### Task objective
Which lines run from the one with "(a) Frontal area" through the end of the data? Retype them exactly, without pictures.

-- Listed records follows --

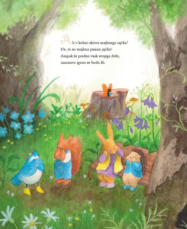 Mama Zajklja se iz mesta vrne s košaro, v kateri skriva presenečenje ... velikonočna jajčka! Preberite več
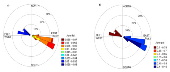 (a) Frontal area index (fai) and (b) planar area index (pai) in the form of wind rose for winds oriented from the west (Plot 1) and east (Plot 2) in June.
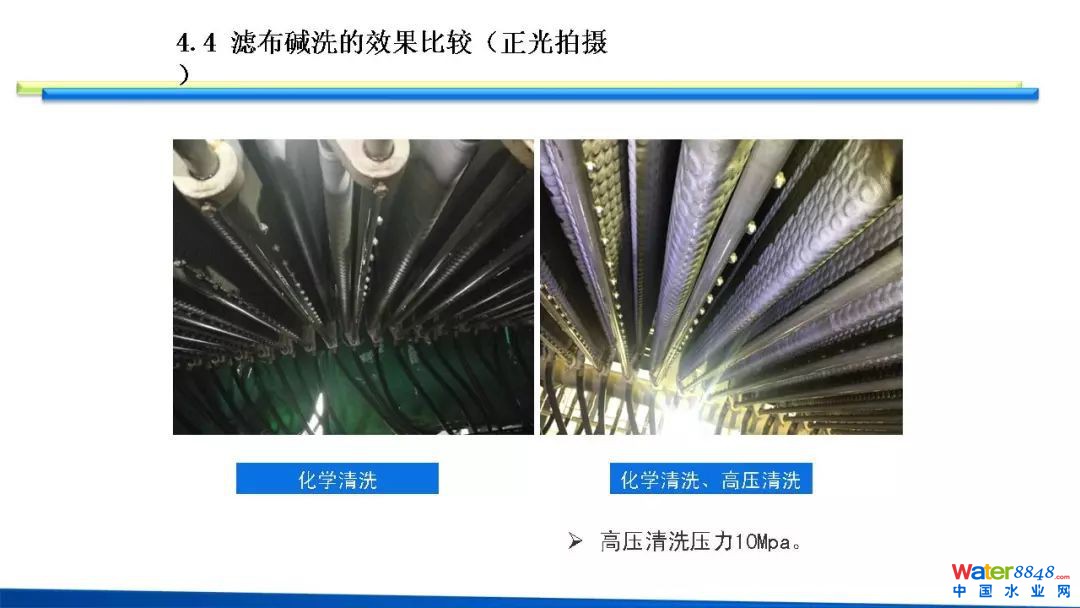 ISDC-H型濾布行走式板框脫水機沖洗壓力只有8kg,化學(xué)浸泡后,板框清洗系統(tǒng)無法有效清布無機性堵塞物質(zhì),必須輔助人工高壓沖洗(10MPa),濾布才能洗白恢復(fù)透氣度
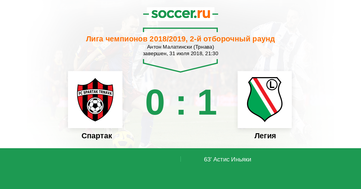Спартак - Легия: обзор матча 31 июля 2018
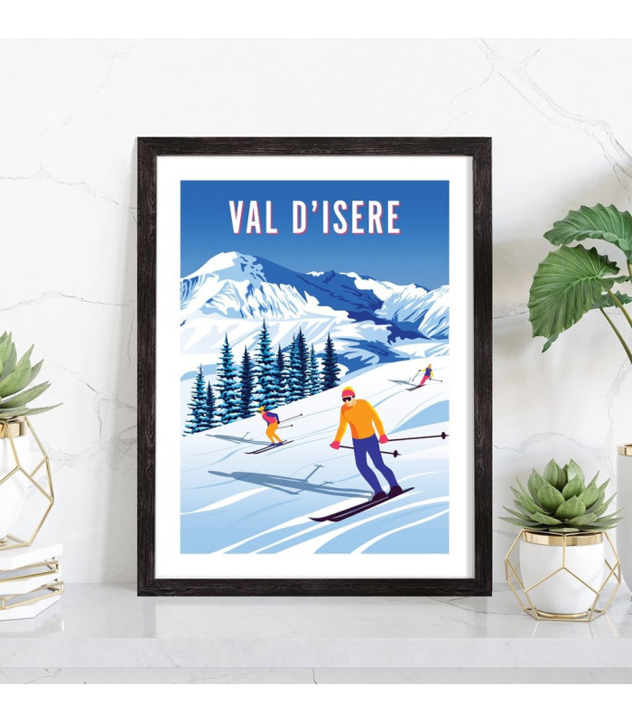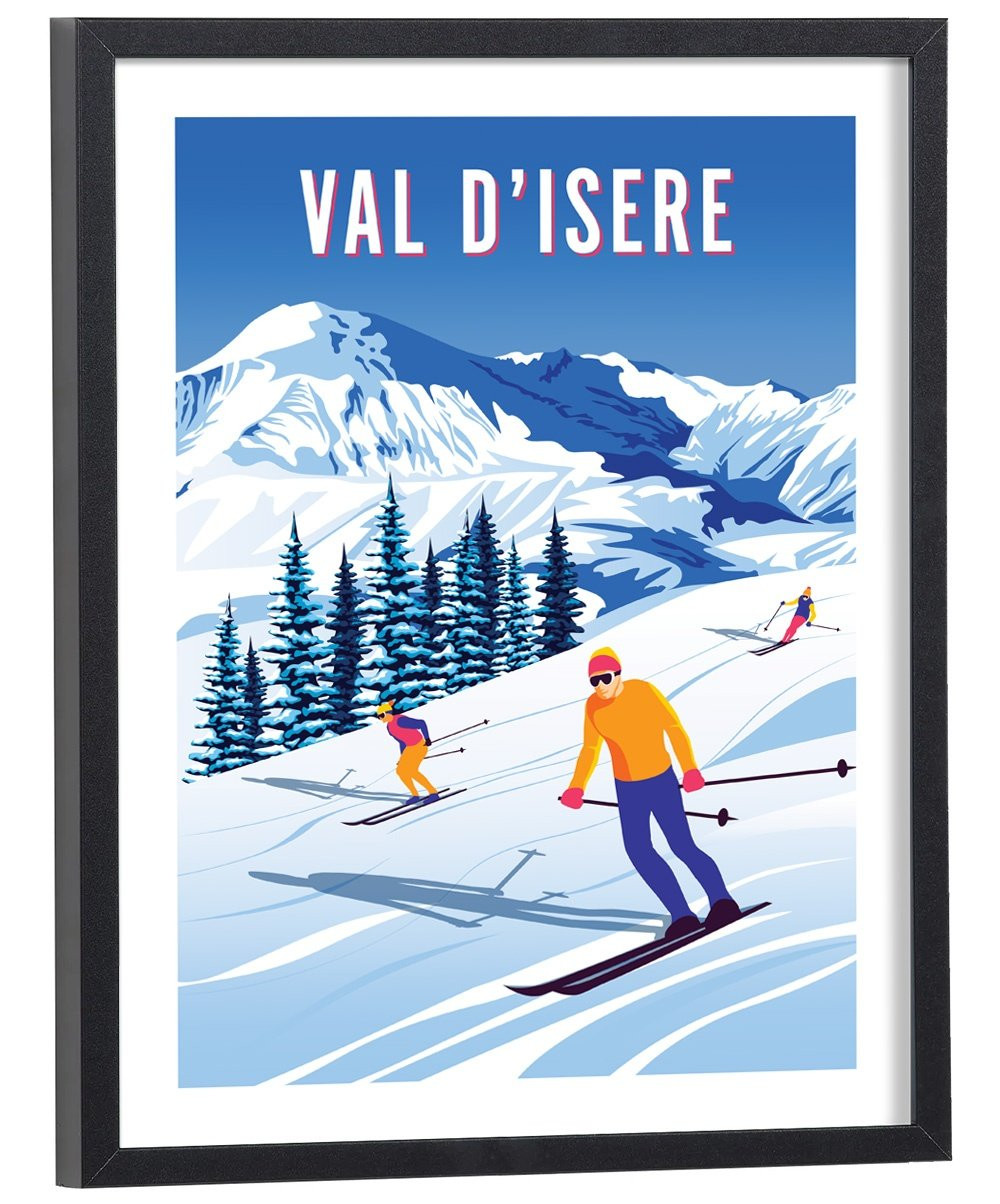 Tableau de décoration vintage du Val d'Isère avec ses stations de ski et les montagnes sous la neige en hiver.
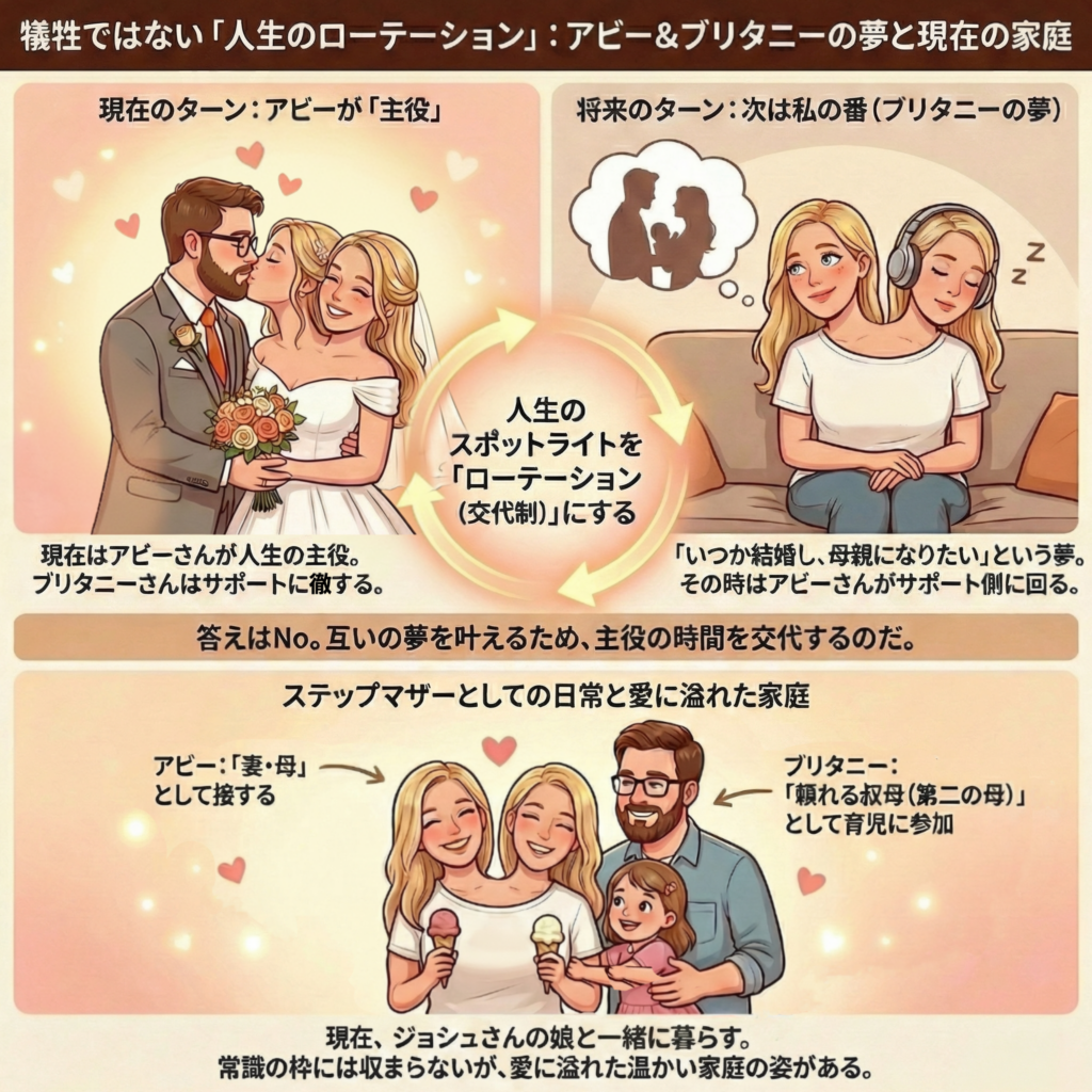 - 現在はアビーさんが人生の「主役」となるターンだが、将来ブリタニーさんにパートナーが現れれば、今度はアビーさんが「気配を消してサポートする側」に回るだろう。
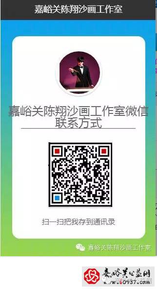 嘉峪关陈翔沙画培训中心现推出沙画公开体验课,嘉峪关陈翔沙画培训班盛情邀请社会各界喜欢沙画艺术的小朋友和大朋友,前来培训中心感受一“沙”一世界, 一“画”一天堂,来体验沙画的魅力,现将本条消息在朋友圈连续转发5次,每天1次,即可获得一个沙画体验培训名额,快快动手,转发起来。转发够的朋友们请及时联系陈老师,为您安排体验时间,沙画体验时间7月2日早上9:00——18:00,地址:嘉峪关市明珠小学对面,大唐教育二楼,陈翔沙画培训班,报名电话189 9377 1106,陈老师。
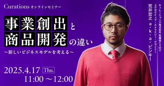顧客企業のビジネス変革を成功に導くキュレーションズ株式会社(本社:東京都渋谷区、代表取締役社長:根本隆之、以下当社)は、『事業創出と商品開発の違い~新しいビジネスモデルを考える~』を2025年4月17日(木)に開催いたします
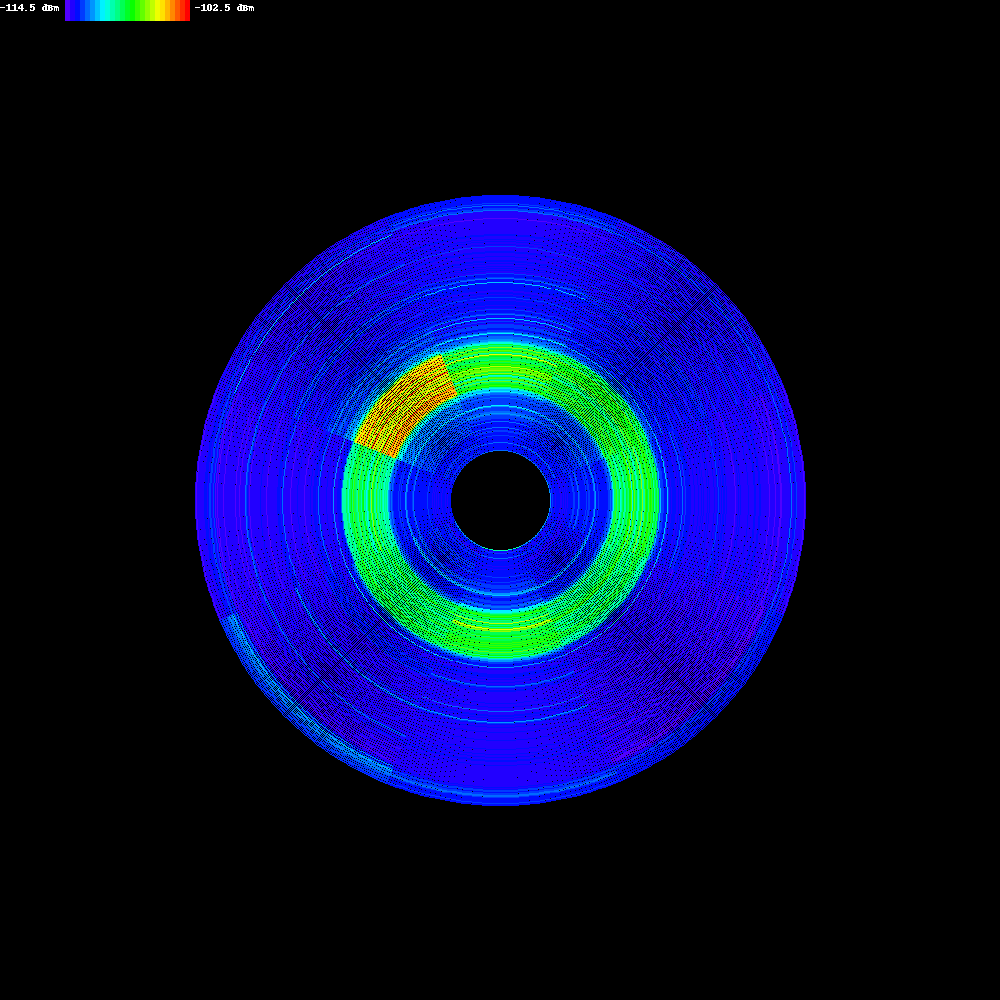The following radial plot shows the average amplitude for each sampled frequency. The frequency is set out on the radial axis (the lowest frequency is closest to the center, the highest is the most distant), the angular coordinate is just the orientation of the directional antenna. Amplitude is hue color-coded.
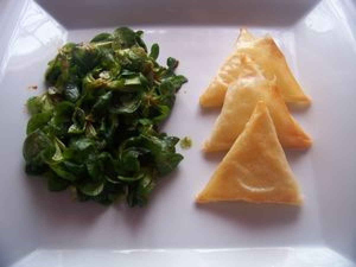 Bricks au maroilles et salade a la chicoré!!!et pliage des bricks en triangle!!!

-- Listed records concluded --

### Output for this task
 (a) Frontal area index (fai) and (b) planar area index (pai) in the form of wind rose for winds oriented from the west (Plot 1) and east (Plot 2) in June.
 ISDC-H型濾布行走式板框脫水機沖洗壓力只有8kg,化學(xué)浸泡后,板框清洗系統(tǒng)無法有效清布無機性堵塞物質(zhì),必須輔助人工高壓沖洗(10MPa),濾布才能洗白恢復(fù)透氣度
Спартак - Легия: обзор матча 31 июля 2018
 Tableau de décoration vintage du Val d'Isère avec ses stations de ski et les montagnes sous la neige en hiver.
 - 現在はアビーさんが人生の「主役」となるターンだが、将来ブリタニーさんにパートナーが現れれば、今度はアビーさんが「気配を消してサポートする側」に回るだろう。
 嘉峪关陈翔沙画培训中心现推出沙画公开体验课,嘉峪关陈翔沙画培训班盛情邀请社会各界喜欢沙画艺术的小朋友和大朋友,前来培训中心感受一“沙”一世界, 一“画”一天堂,来体验沙画的魅力,现将本条消息在朋友圈连续转发5次,每天1次,即可获得一个沙画体验培训名额,快快动手,转发起来。转发够的朋友们请及时联系陈老师,为您安排体验时间,沙画体验时间7月2日早上9:00——18:00,地址:嘉峪关市明珠小学对面,大唐教育二楼,陈翔沙画培训班,报名电话189 9377 1106,陈老师。
顧客企業のビジネス変革を成功に導くキュレーションズ株式会社(本社:東京都渋谷区、代表取締役社長:根本隆之、以下当社)は、『事業創出と商品開発の違い~新しいビジネスモデルを考える~』を2025年4月17日(木)に開催いたします
The following radial plot shows the average amplitude for each sampled frequency. The frequency is set out on the radial axis (the lowest frequency is closest to the center, the highest is the most distant), the angular coordinate is just the orientation of the directional antenna. Amplitude is hue color-coded.
 Bricks au maroilles et salade a la chicoré!!!et pliage des bricks en triangle!!!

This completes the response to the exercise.